My wife and I decided to seperate. I am moving in with a friend of a friend for the mean time. I chose to leave because my wife isn't much of a mother to our kids and the only reason I am leaving is to see that her two sons need her and it is not easy to work and raise kids by yourself. I will still be here most of the time Being with my kids but after I put them to bed I am gone. It makes me sad that I can't be there for them if there is a problem at night or seeing them first thing in the morning. My wife and I have had the worst luck in our lives since we got married. All these problems are the reason we can't stand each other anymore. The is no physical or emotional connection anymore. This separation is what she wants. I want us to try and forget about the past and focus on the future. I see a councilor once a week and started going to church to try and get involved in more family type things. All the friends I have are married and have kids. Her friends are all single and are always out doing something. She doesn't see why this is a problem. I love her so much but my councilor tells me I am in love with the memories that we had. I need to cut my ties and move on. Everyone I know is telling me to leave her she is not good for me. Why am I the only one who wants this to work out. My wife has anxiety and gets panic attacks. She refuses to go see anyone or get help. Am I making the right decision by moving out of our house. Should I just divorce her and be done with it. How do I know if I am in love with a memory. Why does everything have to be so hard.


----------



## stedfin (Apr 14, 2012)

don12 said:


> My wife and I decided to seperate. I am moving in with a friend of a friend for the mean time. I chose to leave because my wife isn't much of a mother to our kids and the only reason I am leaving is to see that her two sons need her after I put them to bed I am gone.

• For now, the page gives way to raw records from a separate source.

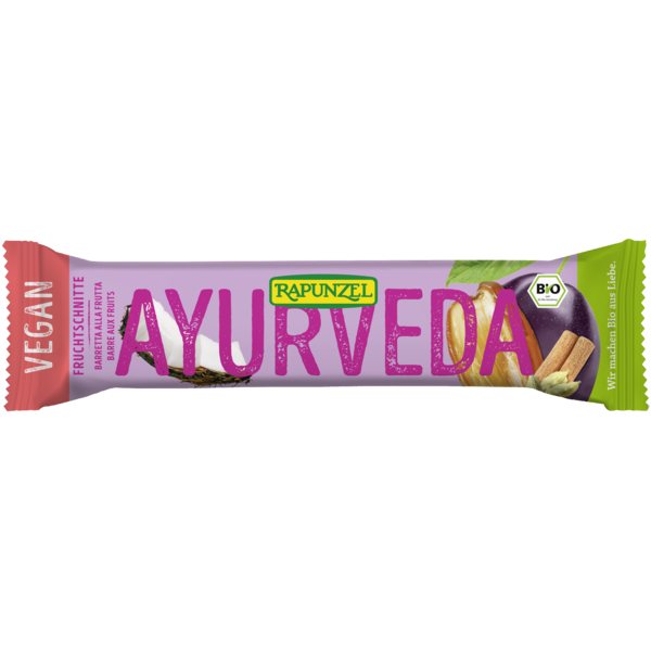 Les fruits séchés au soleil et les épices ayurvédiques sont les ingrédients de base de cette délicieuse barre fruitée. Indépendamment du dasha dominant (les énergies vitales Vata, Pitta ou Kapha), chaque repas ayurvédique doit si possible contenir toutes les saveurs, le sucré, l'acide, le salé, le piquant, l'amer et l'astringent. Les ingrédients de cette barre fruitée ont été sélectionnés en conséquence: les noix de coco râpées parfumées, les prunes fruitées et les épices ayurvédiques soigneusement choisies comme le gingembre, la cannelle, la cardamome, le curcuma, le poivre noir stimulent tous les sens du goût. Grâce au papier azyme si pratique, les doigts restent propres même en déplacement.
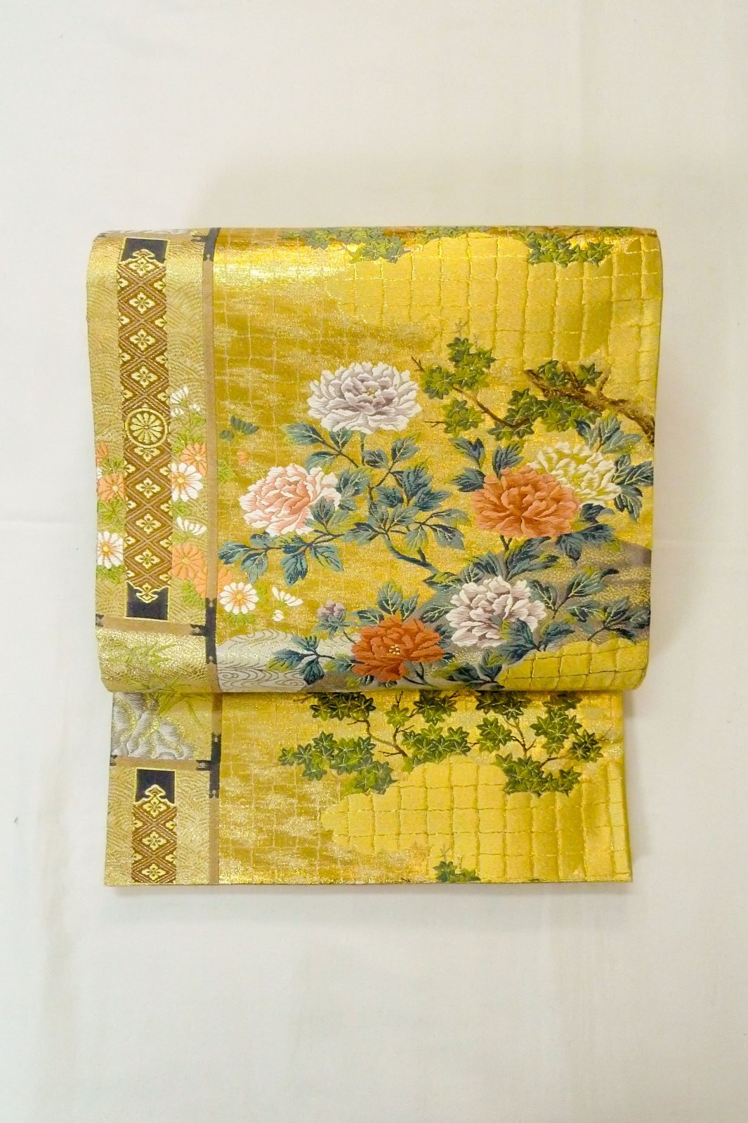 Mint P0206F Vintage Japanese Kimono Shiny Gold FUKURO OBI sash Peony Silk. (Grade A)
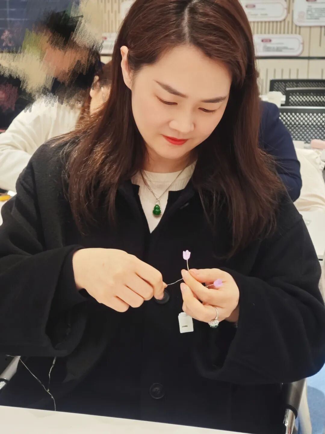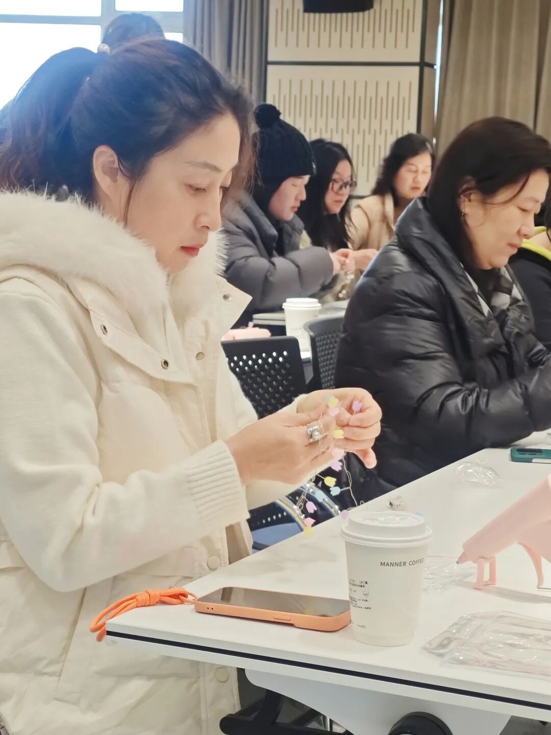 随着一个个零部件被巧妙组合,一盏盏独具特色的深邃夜灯逐渐成型,柔和的灯光透过精致的铃兰灯饰,在室内晕开温馨又浪漫的光芒。大家互相展示着自己的作品,分享着创作的乐趣,现场欢声笑语不断,暖意融融。
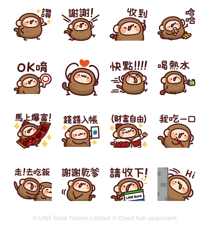 農曆新年倒數計時中,LINE Bank(連線商業銀行)與LINE原創貼圖知名創作者「胸毛公寓」的猴子朋友,春節前推出16款靜態貼圖「胸毛公寓的猴子朋友 限定款:招財加持版」,針對大家過年最需要的「招財、拜年、轉帳」情境設計,即日起加入LINE Bank官方帳號可免費下載使用180天。
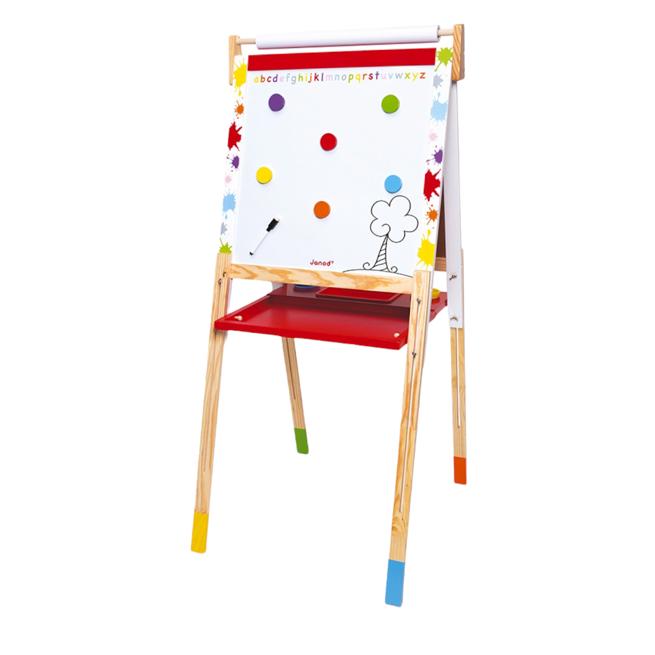 Une face tableau blanc magnétique, idéale pour les feutres et les magnets. L’autre face en ardoise pour dessiner à la craie. Et cerise sur le gâteau, un rouleau de papier au sommet !
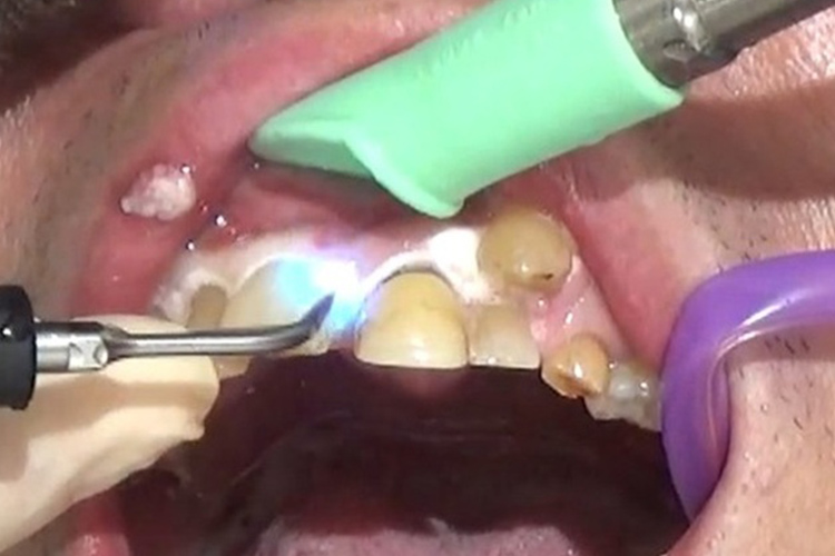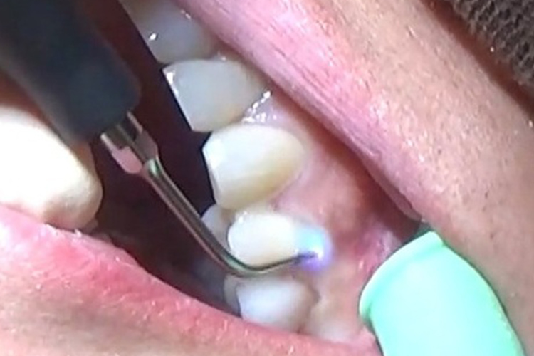 深い歯周ポケットに青いレーザー光と過酸化水素水を照射し、患部を殺菌しています。
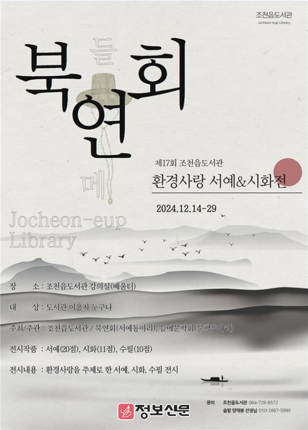 ![]() 조천읍도서관, 제17회 환경사랑 서예&시화전 개최 |

You're leaving her (and your two kids) because she isn't much of a mother to your two kids?

How is that going to help your kids?

Seems to me like you're making the situation worse.


----------



## don12 (Apr 21, 2012)

She is the one who wants to be seperated not me. If she leaves she will screw me over on work by not helping me watch the kids. I can't go to work and leave my kids home. I work grave yard so it's hard to get a sitter. I don't think I am going to make things worse by leaving. I am still paying the bills and paying for everything. She has it easy be a mom.


----------



## stedfin (Apr 14, 2012)

don12 said:


> She is the one who wants to be seperated not me. If she leaves she will screw me over on work by not helping me watch the kids. I can't go to work and leave my kids home. I work grave yard so it's hard to get a sitter. I don't think I am going to make things worse by leaving. I am still paying the bills and paying for everything. She has it easy be a mom.


If she screws you over on work she's screwing herself over because you give her money to pay for stuff.

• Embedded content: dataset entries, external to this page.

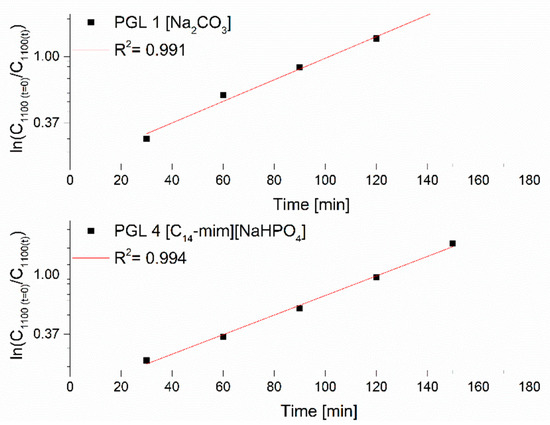 Using Equation (4), plots are plotted in a semi-logarithmic system of the corresponding absorbance ratio of the C–O–C ether group stretching band at 1100 cm−1 wavenumber as a function of time for a sodium carbonate catalyzed oligomerization reaction and an exemplary ionic liquid [C14-mim][NaHPO4]. As can be seen, rectilinear relations were obtained, with the correlation coefficient R2 > 0.9 (Figure 6).
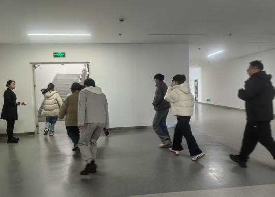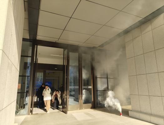 随后紧急警报声响起,烟雾弥漫,应急疏散演练正式启动。安全员曲首霏等工作人员立即到位,研究院师生迅速响应,严格按照疏散流程,弯腰捂鼻、低姿前行,沿着预定安全路线快速、有序撤离至指定集结区域,全程行动规范、秩序井然,高效完成疏散任务。
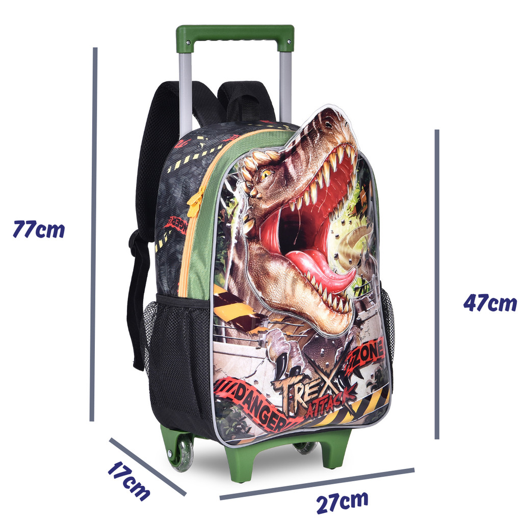 Kit de Mochila de Rodinha Lancheira e Estojo Infantil Masculina Jurassic Park - Clio Style
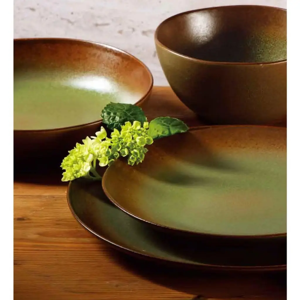 Bloomhouse Palermo Sun 16 Piece Double Bowl Stoneware Reactive Glaze Plates And Bowls Dinnerware Set - Cardamom Green

You're not thinking this through.

Also it's not easy being a full time mom.


----------



## don12 (Apr 21, 2012)

I have been a stay at home dad for the past two years. I do all the cleaning all the kids stuff everything. She worked and that was it. Since we started having problems I got a job so if we divorce I have some money. I still work and take care of the kids. She goes to work and then when she is home she just sits on her phone talking to get friends. She needs to know that I need help too. I am more than happy to be a single parent but I don't think it is fair to my kids to not have a mom that cares what they are doing.


----------



## stedfin (Apr 14, 2012)

You walking away isn't going to suddenly make her care more about the kids.

You having a job to make money if you divorce won't quite work that way, if you get a divorce she'll get a big chunk of your take home pay since she doesn't work.

You'll be lucky if you have enough left to pay for a small apartment somewhere.


----------



## lovelygirl (Apr 15, 2012)

She sounds selfish. 

What was the reason that she's not being a responsible mom and wife?


----------



## don12 (Apr 21, 2012)

She still has a job and works. She just has a group of single friends that she hangs out with and she wants to live the single life. She is to caught up in going places with her friends and not being with her family.


----------



## lovelygirl (Apr 15, 2012)

Apparently, she forgets that she's not single anymore while she tries to behave like she is.
She needs to be reminded that she is married and she's not on the same conditions as her single friends. 

Did she get married at a young age?


----------



## Traggy (Jan 26, 2012)

Correct me if I am wrong, but you are going to work, then coming home and taking care of the children. Then after they go to bed, you leave.

That really will show her.. She isn't doing anything different, but perhaps getting them up in the morning.

I don't agree with your logic here either. Leaving to "show her" is a negative for the children. It seems spiteful and emotional. When these two mix together the decisions are hardly ever that great in the long run. 

If she wants the divorce and doesn't want to work on it, you do not have a choice. Keep going to church!


----------



## lovelygirl (Apr 15, 2012)

I agree with Traggy. What is there left to do for her?
Even now that you're leaving, sounds like you'll do everything and she nothing.


----------